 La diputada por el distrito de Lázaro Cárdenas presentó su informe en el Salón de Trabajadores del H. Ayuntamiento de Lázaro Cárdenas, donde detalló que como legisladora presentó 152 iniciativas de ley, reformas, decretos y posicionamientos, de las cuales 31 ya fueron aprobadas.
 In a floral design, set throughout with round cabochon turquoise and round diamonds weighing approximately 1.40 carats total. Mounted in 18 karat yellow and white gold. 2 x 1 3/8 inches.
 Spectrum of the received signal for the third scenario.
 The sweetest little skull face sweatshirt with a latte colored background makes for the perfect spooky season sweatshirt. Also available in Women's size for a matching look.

==============================

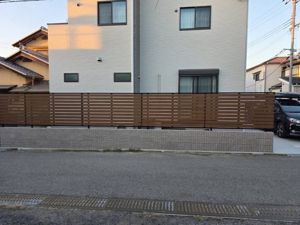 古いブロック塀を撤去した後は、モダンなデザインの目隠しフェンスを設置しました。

==============================

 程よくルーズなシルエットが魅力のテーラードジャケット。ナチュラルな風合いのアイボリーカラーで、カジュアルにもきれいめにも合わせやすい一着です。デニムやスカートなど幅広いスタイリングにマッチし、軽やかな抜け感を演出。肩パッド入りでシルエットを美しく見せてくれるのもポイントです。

==============================

(What is expected): One stretch of the lines above is wanted, from the line that contains "La diputada por" through the line that contains "The sweetest little". Output it exactly.

(The completed task):
 La diputada por el distrito de Lázaro Cárdenas presentó su informe en el Salón de Trabajadores del H. Ayuntamiento de Lázaro Cárdenas, donde detalló que como legisladora presentó 152 iniciativas de ley, reformas, decretos y posicionamientos, de las cuales 31 ya fueron aprobadas.
 In a floral design, set throughout with round cabochon turquoise and round diamonds weighing approximately 1.40 carats total. Mounted in 18 karat yellow and white gold. 2 x 1 3/8 inches.
 Spectrum of the received signal for the third scenario.
 The sweetest little skull face sweatshirt with a latte colored background makes for the perfect spooky season sweatshirt. Also available in Women's size for a matching look.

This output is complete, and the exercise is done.